导致困惑的第三个原因源于"硬"数据和"软"数据之间的差距。前者是客观指标,如失业率,后者是主观指标,如人们对未来的预期。
Normally the two types move in sync.
正常情况下,这两种类型的数据同步变化。
Right now they are far apart.
眼下,它们相差甚远。
"Soft" measures look recessionary.
"软"指标看起来经济在衰退。
"Hard" measures point to a decent expansion.
"硬"指标表明经济在良好地扩张。
The divergence may reflect people's grumpiness with inflation.
这种差异可能反映了人们对通胀的不满。
Prices in the rich world are still rising by 9% year on year.
富裕国家的物价仍在以同比9%的速度上涨。
Investors and statisticians will get better at understanding the world economy during periods of volatility and inflation.
在动荡和通胀时期,投资者和统计学家将对世界经济有更好的理解。
As the effects of the pandemic fade, so will distortions to seasonal adjustments.
随着疫情影响的消退,季节性调整带来的失真也会消退。
Economists have already made progress in incorporating alternative data into forecasts, helping to overcome the problem of declining responses.

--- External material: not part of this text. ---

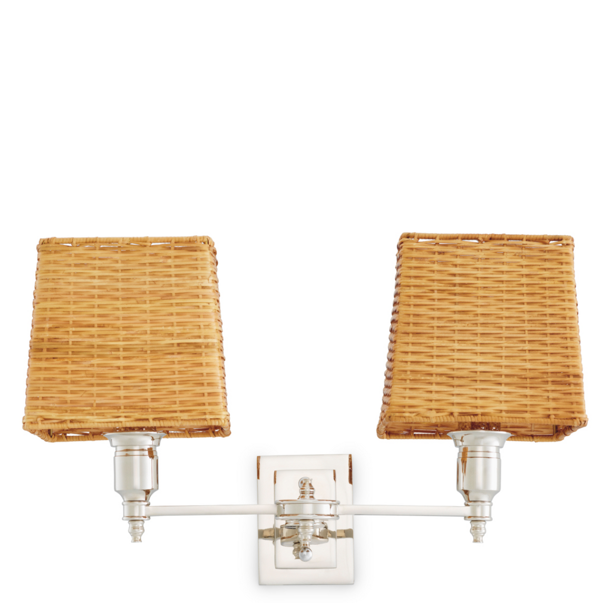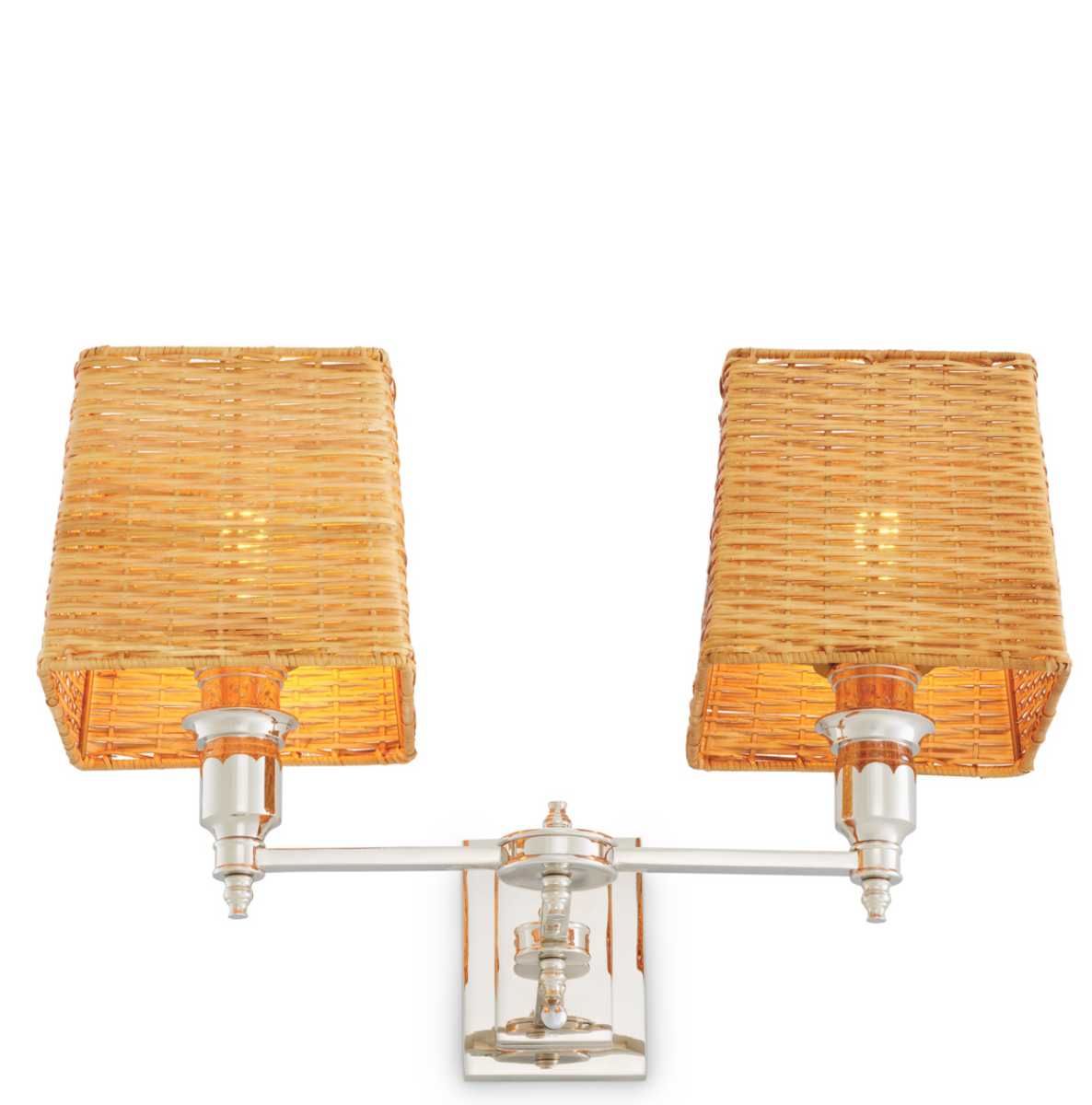• The Lexington Double wall lamp from Eichholtz elegantly combines a nickel-finished frame with natural rattan shades. The subtle gleam of the metal and the light form bring a timeless charm to any interior. Dimensions: W 40 cm | D 23 cm | H 27 cm

经济学家在将替代数据纳入预测方面已经取得了进展,从而帮助克服了回复减少的问题。
But this is scant comfort for governments and businesses that need to make decisions right now--or for people just trying to keep up with the news.
但对于现在需要做出决策的政府和企业,或者只是试图跟上新闻报道的人来说,这带来的安慰寥寥无几。
Do not be surprised if the global economy remains sfumata for a while yet.
如果全球经济形势在一段时间内仍如晕涂而成的画一样模糊不清,请不要感到惊讶。